**Work instructions**
What you should repeat is the run of lines from the top of the listing below through the line with "la exposición 'Interiorismo'", exactly, with no pictures.

**Stored data**
= = = =

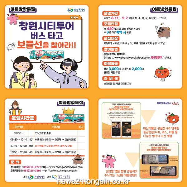 프로그램은 오는 17일부터 9월 2일까지 매주 화·수·목·금요일 창원시티투어 1층버스 탑승객을 대상으로 열린다.
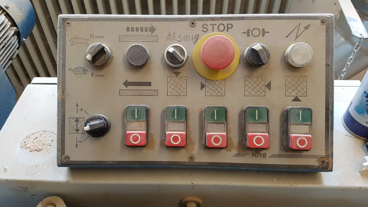Die Maschine ist mit 4 Hobelwellen ausgestattet: horizontal unten (4 kW), vertikal rechts (3 kW), vertikal links (3 kW) und horizontal oben (4 kW). Dank der 2 Vorschubgeschwindigkeiten (6 und 12 m/min) kann sie flexibel an unterschiedliche Anforderungen angepasst werden.
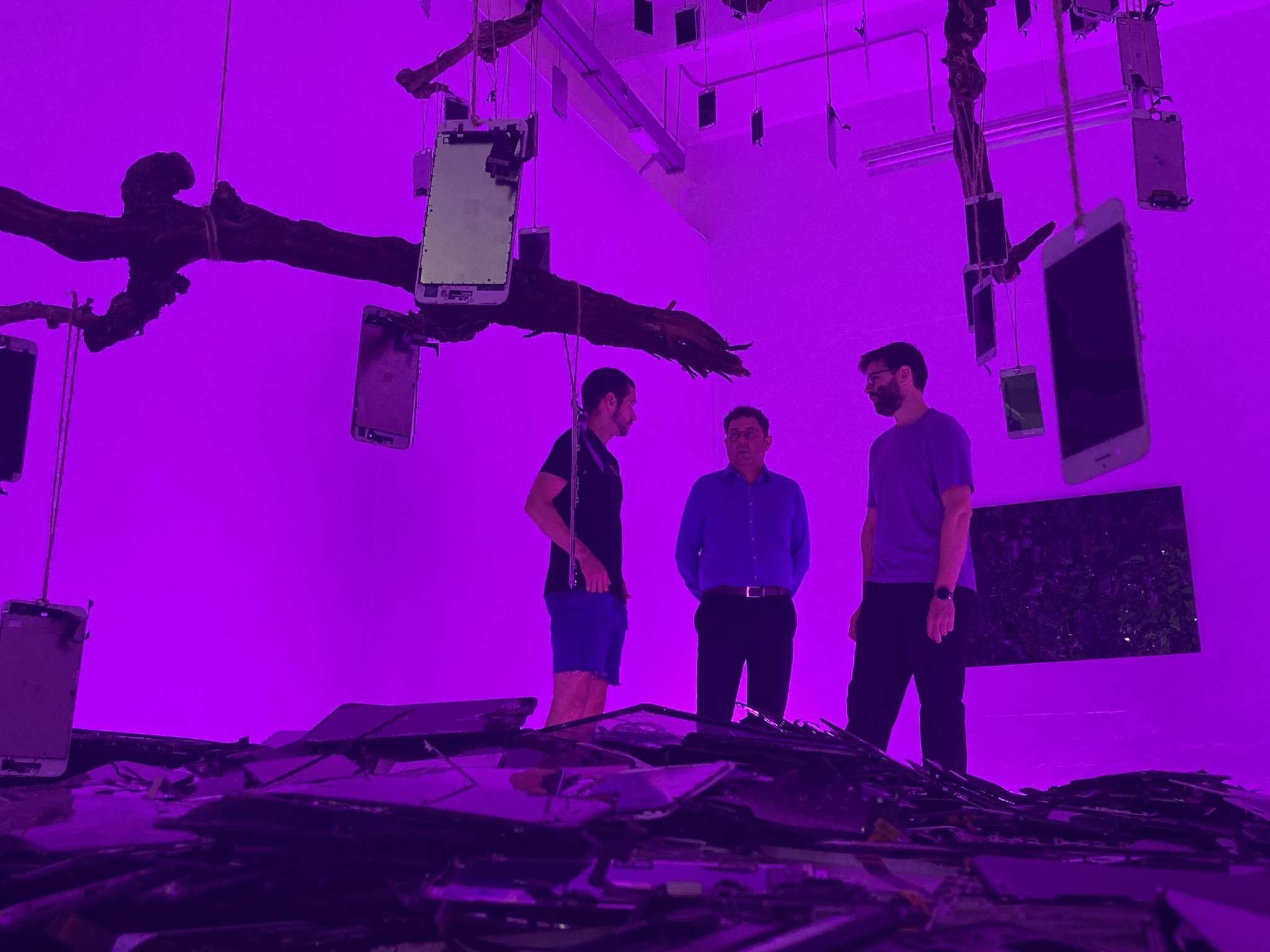 , Manuel Cebrián, y el comisario Rodrigo Carreño en la exposición 'Interiorismo'
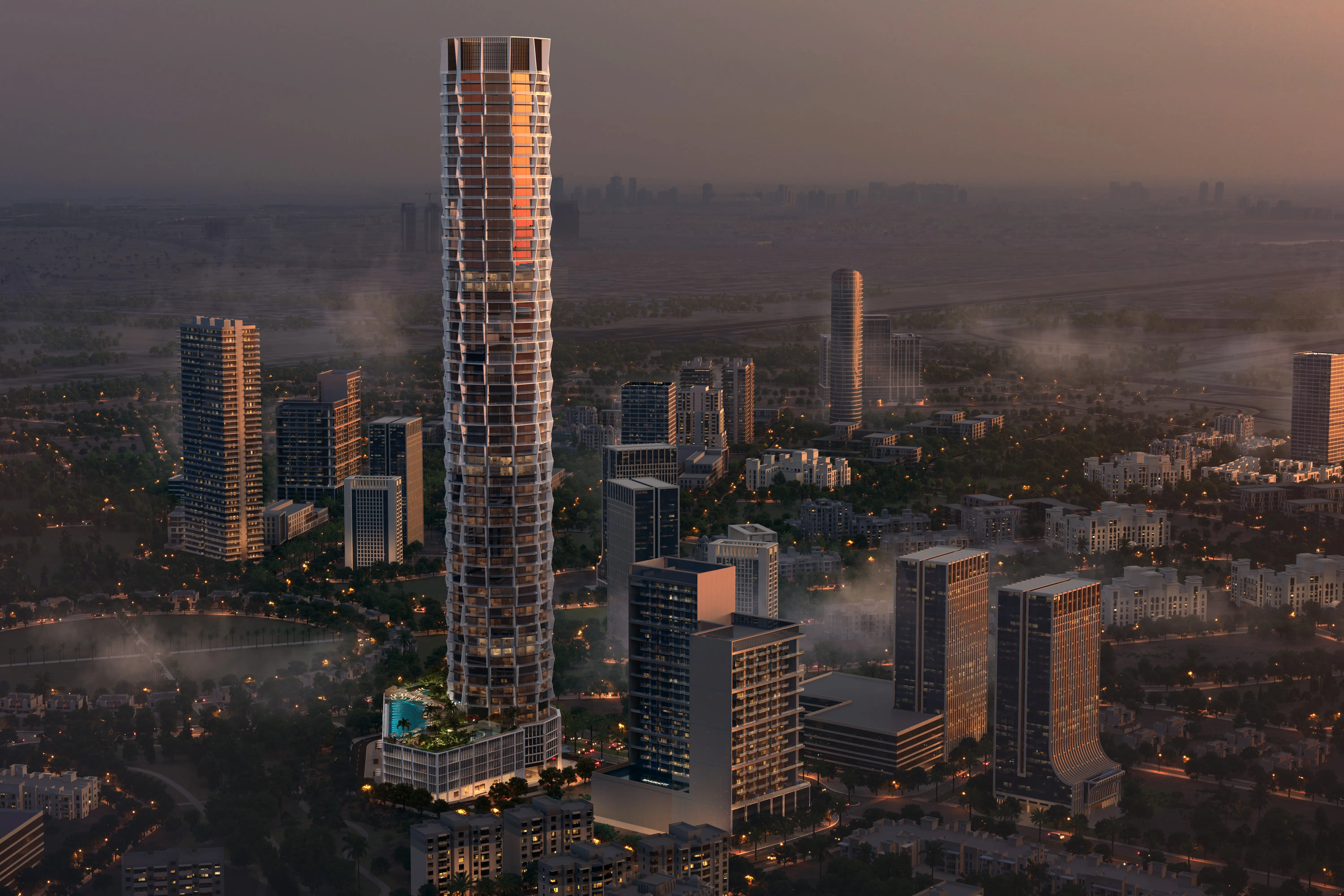 Binghatti Circle is a project by the developer Binghatti, located in Jumeirah Village Circle. The tower features two basement levels, a ground floor, four podium levels, fifty-eight residential floors, three technical levels, and three floors dedicated to infrastructure, topped with a roof level. It is considered the tallest residential tower in JVC. The collection includes studios and one- to three-bedroom apartments.

= = = =

**Completed task**
 프로그램은 오는 17일부터 9월 2일까지 매주 화·수·목·금요일 창원시티투어 1층버스 탑승객을 대상으로 열린다.
Die Maschine ist mit 4 Hobelwellen ausgestattet: horizontal unten (4 kW), vertikal rechts (3 kW), vertikal links (3 kW) und horizontal oben (4 kW). Dank der 2 Vorschubgeschwindigkeiten (6 und 12 m/min) kann sie flexibel an unterschiedliche Anforderungen angepasst werden.
 , Manuel Cebrián, y el comisario Rodrigo Carreño en la exposición 'Interiorismo'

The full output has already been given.